事例1【うつ病】障害厚生年金2級で認定された事例 

 

概要

病名:うつ病

年代・性別:50代 男性

決定した年金:障害厚生年金2級

年金額:116万円

相談のきっかけ

重度のうつ病で就労できず、日常生活にも支障が出ている状況でした。

障害年金を受給している知人がおり、社会保険労務士にサポートを依頼したことを知りました。

自力での請求は困難と考え、ホームページを見てお問い合わせをいただきました。

当オフィスの対応

ご指定いただいたファミリーレストランで、約2時間30分面談をしました。

現在は、障害認定日(障害の状態を定める日のことで、初診日から1年6か月を経過した日)の医療機関とは別の医療機関に通院中でしたが、障害認定日請求(過去にさかのぼっての請求)も視野に入れて手続きを進める方針を確認しました。

初診日と障害認定日の医療機関は同一でした。医療機関に診断書の作成を依頼したところ、障害認定日時点での診療録(カルテ)は改善傾向のため治癒状態となっており、その直後には終診していました。

このため障害認定日請求は断念することとし、事後重症請求(現在から未来に向けての請求)に方針を切り替えました。

したがって、受診状況等証明書(初診日がいつなのかを特定する証明書)の作成のみを依頼しました。

その後、通院中の医療機関に受診状況等証明書の写しと日常生活状況等を詳細に記載した参考資料を添えて、診断書の作成を依頼しました。

思いがけず1週間もしないうちに作成していただきました。ちょうど月の下旬に差し掛かっていました。事後重症請求ですので、請求書類の提出が月を跨ぐと受給開始も1か月分遅れてしまいます。

最優先で病歴・就労状況等申立書を作成し、お客様の確認を経て書類一式を年金事務所に持参しようとしました。

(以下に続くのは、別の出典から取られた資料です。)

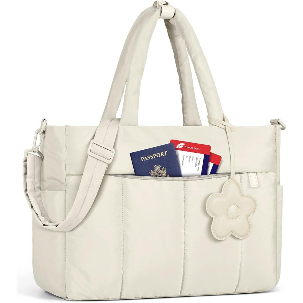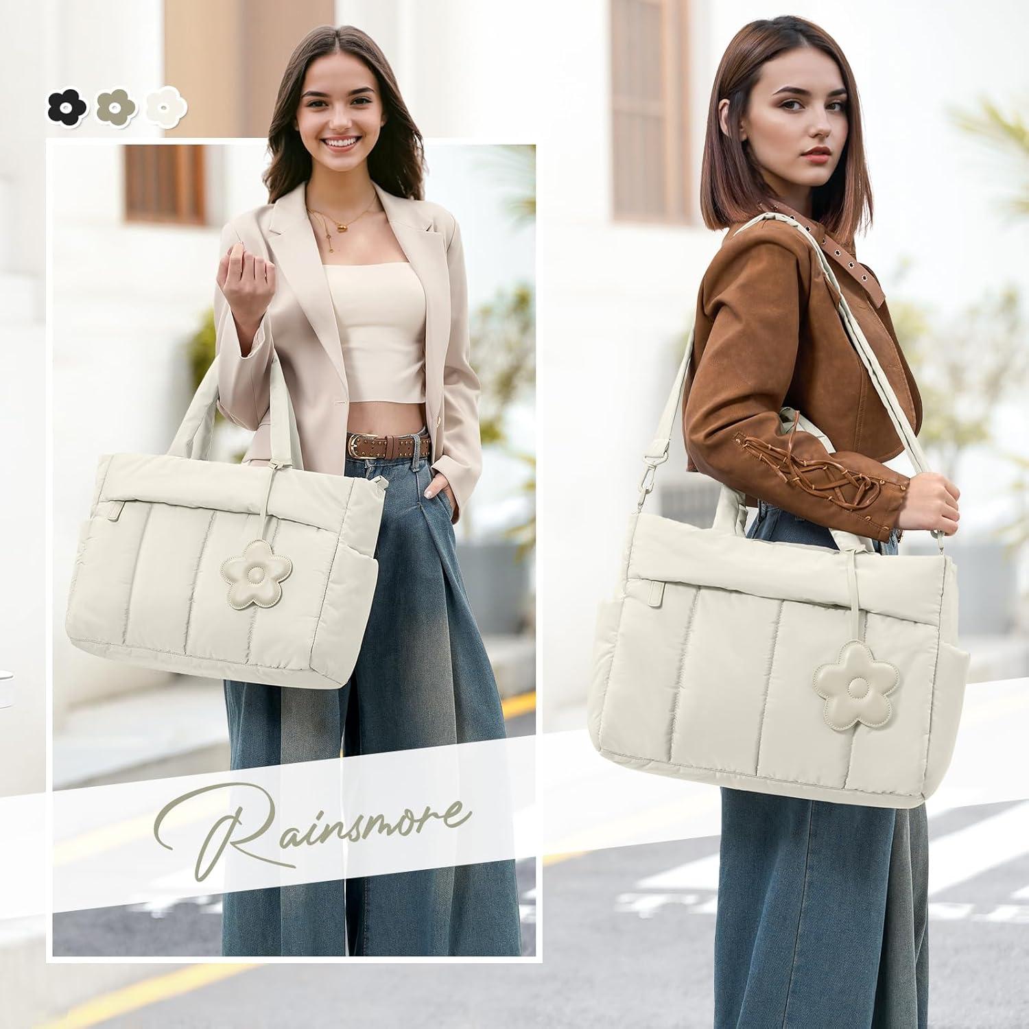 RAINSMORE Laptop Tote Bag for Women 15.6 Inch Lightweight Puffer Work Tote Bag Quilted Travel Bags with Shoulder Strap Large Computer Briefcase Teacher Nurse Bag for Casual Office Travel, Beige(Beige)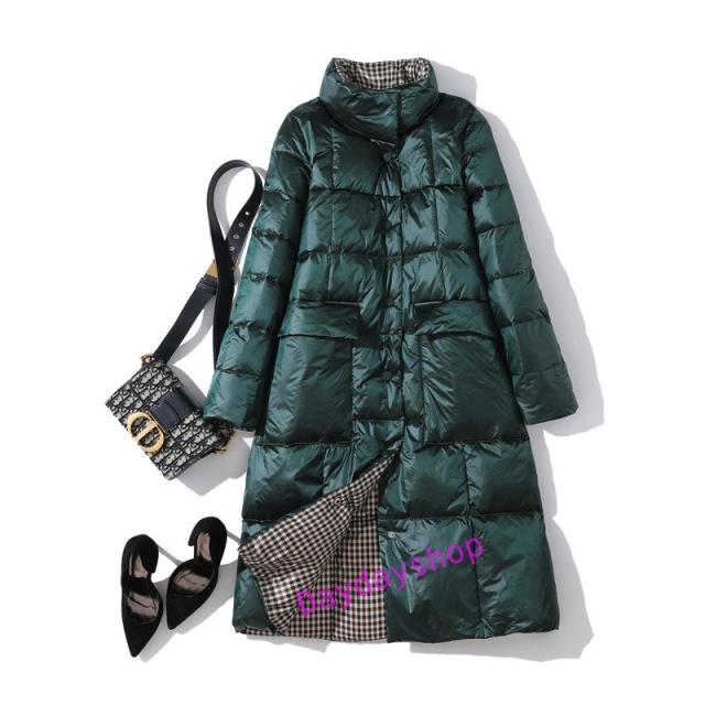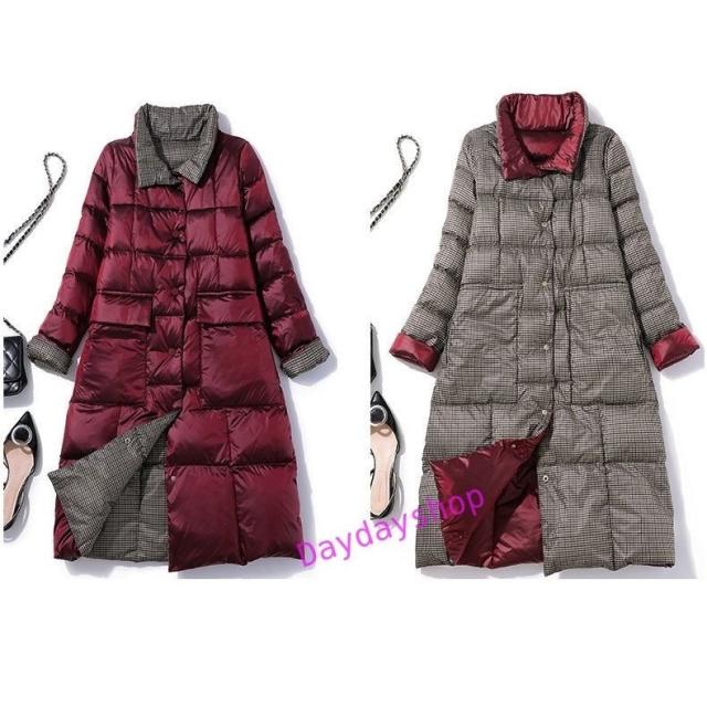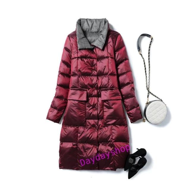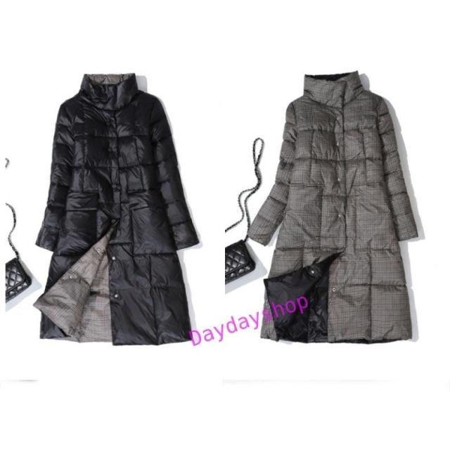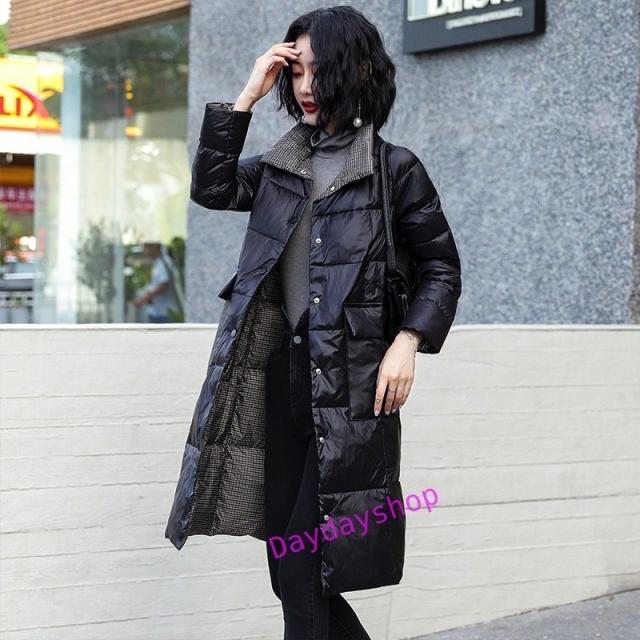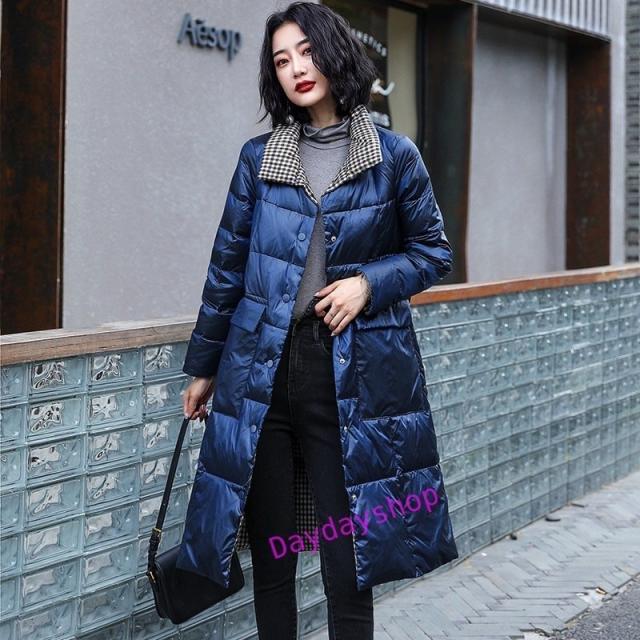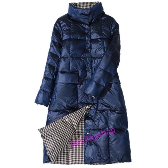 リバーシブル ダウンコート レディース ダウンジャケット ロングコート ライトダウン aライン アウター チェック 両面着 2WAY 軽量 薄手 秋冬 防寒 冬物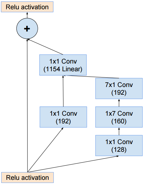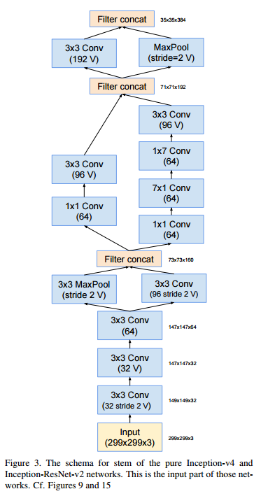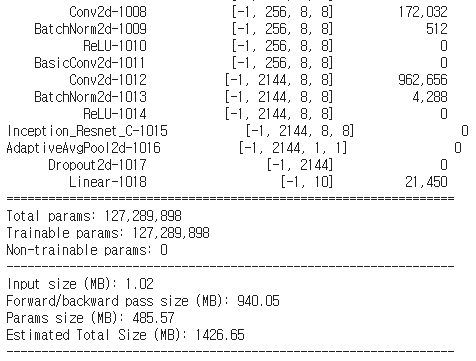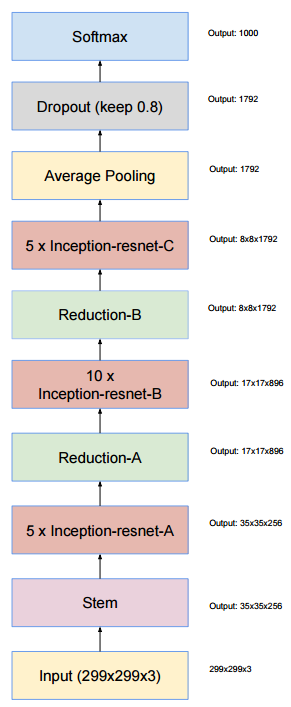 Inception-ResNet-v2 구조는 다음과 같습니다. 아래 그림에서 출력값은 Inception-ResNet-v1 기준이므로, v2 출력값은 논문을 확인해야 합니다.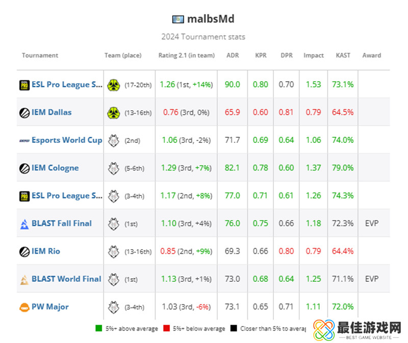malbsMd今年的Rating为1.15,是目前TOP20选手中并列第二高的选手,比许多排名在他之上的选手都要好,他在大型赛事(1.13,TOP9)和精英赛事(1.13,TOP8)中的Rating都保持在1.15,这要归功于他比大多数人都更经常带飞的能力(40%的地图Rating超过1.30,TOP5)。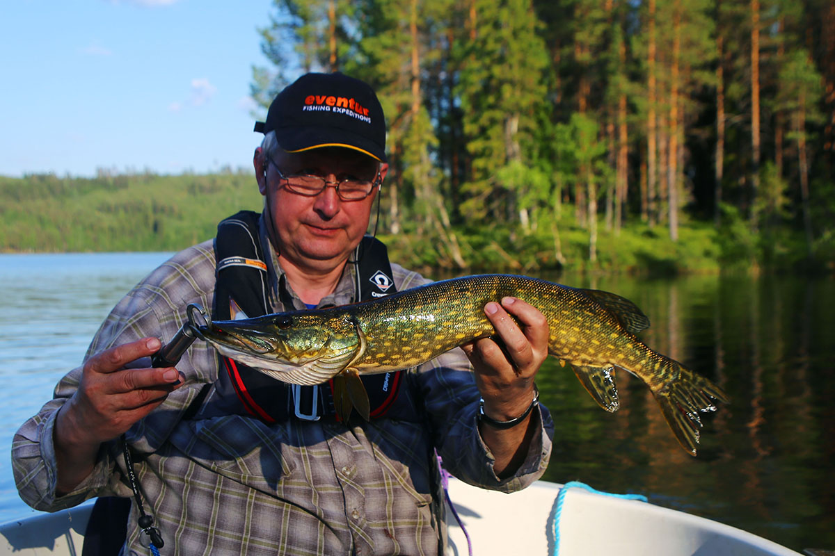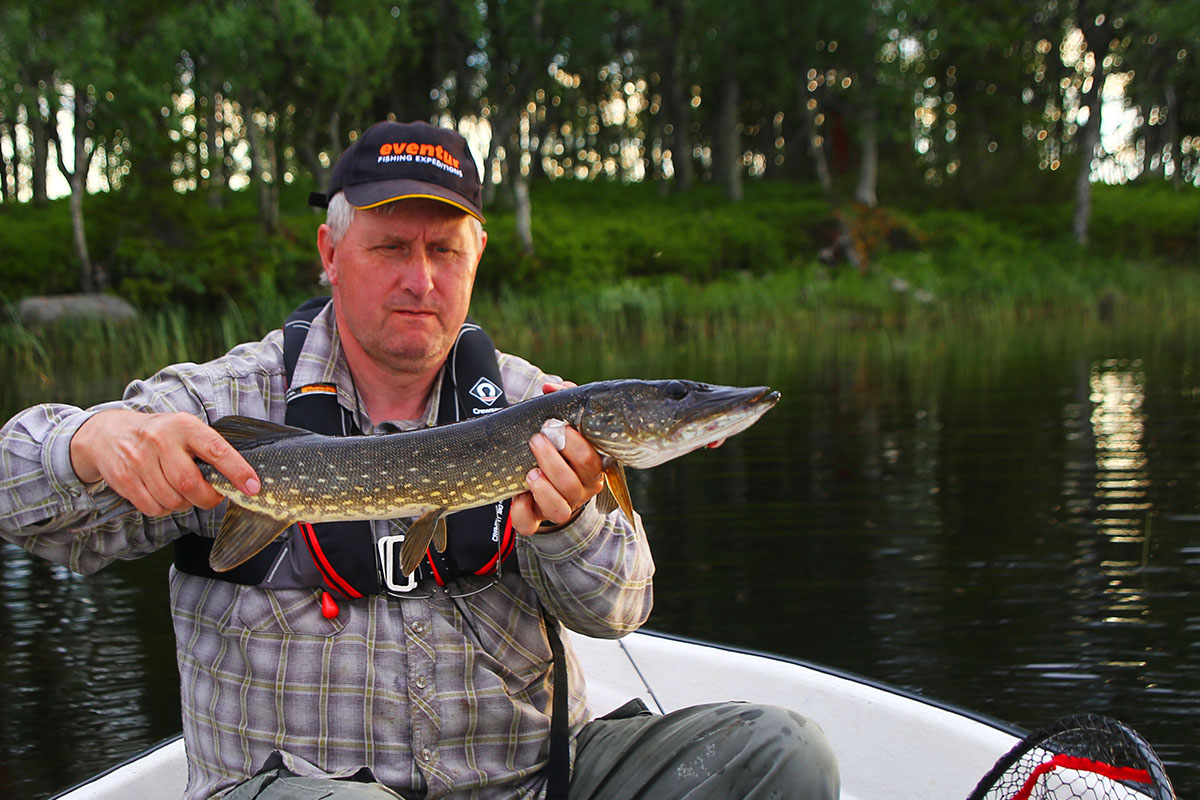 Ta pierwsza wyprawa, w której uczestniczył nasz kolega Piotr Motyka, wiodła do bliskiej Laponii (Blåviken) i była niezwykle udana wędkarsko oraz naznaczona przepiękną pogodą. Padła wielka ilość ryb, głównie szczupaków i okoni, choć temperatura wody w jeziorach bardziej zachęcała do kąpieli niż wędkowania. Jednak stara dobra Szwecja nie zawiodła. Piotr spotkał na promie kilka innych grup z Eventuru, które również znakomicie połowiły. Na przykład na łowiskach w rejonie Arvidsjaur w tydzień łupem ośmioosobowej grupy padły cztery metrowe szczupaki oraz setki mniejszych sztuk tego gatunku, a także wiele pięknych grubych okoni, ocierających się o 50 cm, a nawet te magiczną długość przekraczających. Panowie zgodnie określili ten wyjazd jako jeden z najlepszych w życiu pod względem wędkarskich wyników.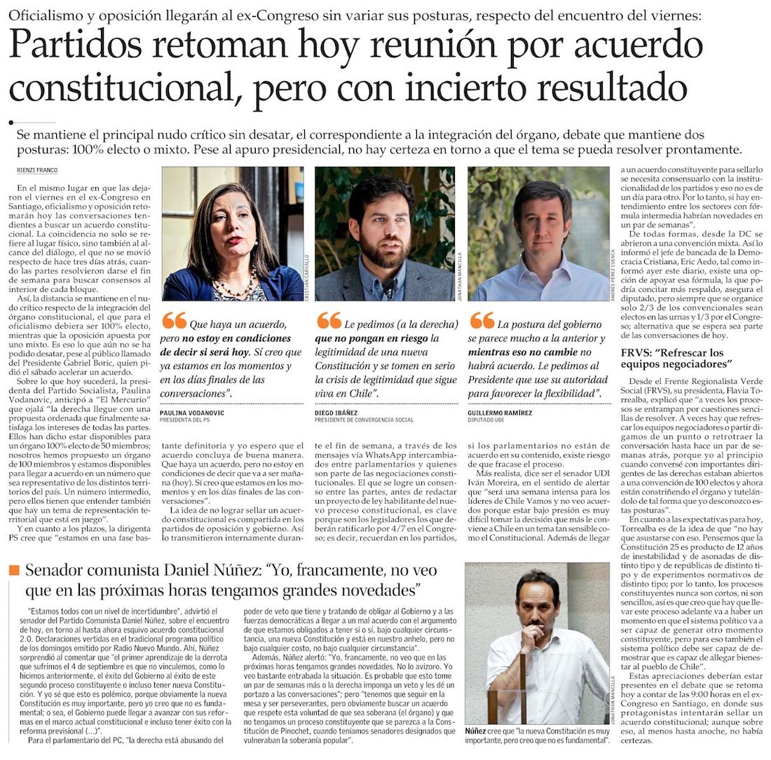 Gobierno apura cierre de acuerdo constitucional mientras partidos buscan destrabar nudo crítico - (El Mercurio de Santiago)

ところが、年金事務所の予約が月末までに確保できず、やむを得ず郵送で年金事務所に送りました。そのため、なんとか月を跨がずに受付されました。

その後、年金事務所から連絡が入りました。診断書表面に「既往症」という欄があるのですが、そこに「H●● 脳梗塞」と記載があったためです。

日本年金機構の事務処理手引きには、相当因果関係ありと取扱うことが多いものとして「事故又は脳血管疾患による精神障害」と規定されています。

簡単に言うと、「脳梗塞を患ったことが、うつ病の引き金になったのではないか」ということです。したがって、脳梗塞に関連した病歴・就労状況等申立書を別途提出してほしいとのことでした。

相当因果関係が認められると、初診日が変更されたり、最悪の場合は保険料納付要件(障害年金を請求する際には一定期間きちんと年金保険料を納付していることが条件となっている)を満たせずに請求できないことも起こり得ます。

当然、事務処理手引きの内容については事前に承知しておりました。しかし、いくつかの理由から脳梗塞の病歴・就労状況等申立書は提出しないと回答させていただき、障害年金センター(審査機関)の審査過程で申立書を整備するよう指示があった段階で対応することとしました。

審査の結果

障害厚生年金2級(次回の更新年:令和5年)で認定となりました。

あわせて、年金生活者支援給付金(年額6万円)も受給できます。

コメント

初めてご相談の電話をいただいてから、4か月弱という短期間で受給決定に至りました。一番の要因は、診断書の作成がスムーズだったことです。

脳梗塞との因果関係を審査機関から問われることもなく、提出したとおりの書類で受給が認められました。

もし、年金事務所から指摘された脳梗塞の病歴・就労状況等申立書を整備していたら、請求が完全に月を跨いでしまっていました。理由は申しあげられませんが、当初準備した書類のみで審査に通るとの確信がありました。

1か月分の年金が受給できるかできないかは大きな差です。経済的な不安が少しでも解消され、治療に専念していただける環境づくりのサポートができたことに安堵しました。